Method for producing a thermally insulating mixture

Abstract

A method for continuous production of a thermally insulating mixture comprising silica particles and opacifier particles, in which a premixed stream comprising a carrier gas, silica particles and opacifier particles is introduced into a fine impact mill, ground and mixed therein, after which the solid is separated from the gas stream, wherein the fine impact mill is an air-stream mill comprising grinding tracks arranged one above the other on a rotatable shaft.

Claims

1. A method for continuous production of a thermally insulating mixture comprising silica particles and opacifier particles, the method comprising introducing a premixed stream comprising a carrier gas, silica particles and opacifier particles into a fine impact mill, ground and mixed therein, and then separating solid from the gas stream, wherein the fine impact mill is an air-stream mill comprising grinding tracks arranged one above the other on a rotatable shaft.

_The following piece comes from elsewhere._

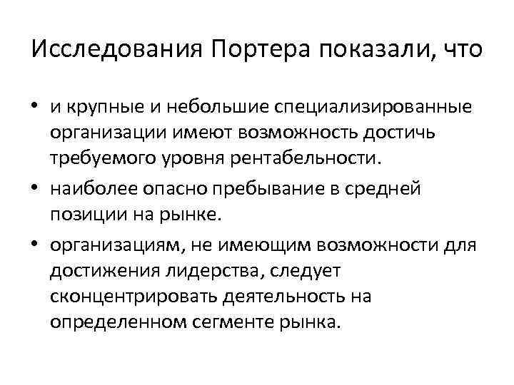 Исследования Портера показали, что • и крупные и небольшие специализированные организации имеют возможность достичь требуемого уровня рентабельности. • наиболее опасно пребывание в средней позиции на рынке. • организациям, не имеющим возможности для достижения лидерства, следует сконцентрировать деятельность на определенном сегменте рынка.
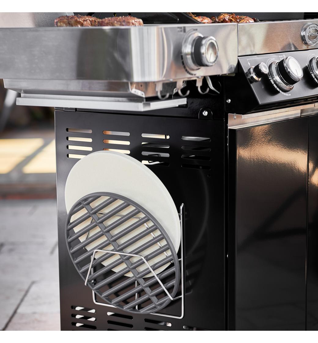 V postranních stolcích se ukrývá hořák s plotýnkou a Primezone dosahující teploty až 800 °C. Plotýnku využijete pro přípravu omáček a příloh, zatímco Primezone poslouží při úpravě šťavnatého masa s křupavou krustou. Pokud zrovna hořáky nepoužíváte, můžete na ně odkládat potřebné suroviny či náčiní. Stolky jsou vyrobeny z nerezové oceli, a tak budete mít s údržbou i čištěním minimum práce.

2. The method as claimed in claim 1, wherein the peripheral speed of the air-stream mill amounts to up to 200 ms.sup.−1.

3. The method as claimed in claim 1, wherein the mean residence time of the silica particles and opacifier particles in the air-stream mill amounts to less than 10 seconds.

4. The method as claimed in claim 1, wherein the carrier gas is preheated to 100° C. to 450° C.

5. The method as claimed in claim 1, wherein the premixed stream is obtained by bringing together silica particles and opacifier particles in each case into a carrier gas stream in each case via a metering unit.

6. The method as claimed in claim 1, wherein the particulate fractions of the mixture conveyed to the fine impact mill comprise 30 to 95 wt. % silica particles and 5 to 70 wt. % particulate opacifier, relative to the total of the particulate fractions.

7. The method as claimed in claim 1, wherein loading of the carrier gas amounts to 0.2 to 2 kg solids/Nm.sup.3 carrier gas.

8. The method as claimed in claim 1, wherein fibers are introduced into the particle-containing stream above the final grinding track, but still inside an air-stream mill.

9. The method as claimed in claim 8, wherein the fibers are selected from the group consisting of glass wool, rock wool, ceramic fibers, silicon dioxide fibers, cellulose fibers, textile fibers and plastics fibers.

10. The method as claimed in claim 1, wherein a throughput of silica particles, opacifier particles and optionally fibers amounts in total to at least 200 kg/h.

11. The method as claimed in claim 1, wherein pyrogenically produced silica particles are employed.

12. The method as claimed in claim 1, wherein the opacifier particles are selected from the group consisting of carbon blacks, titanium oxides, silicon carbides, zirconium oxides, ilmenites, iron titanates, iron oxides, zirconium silicates, and manganese oxides.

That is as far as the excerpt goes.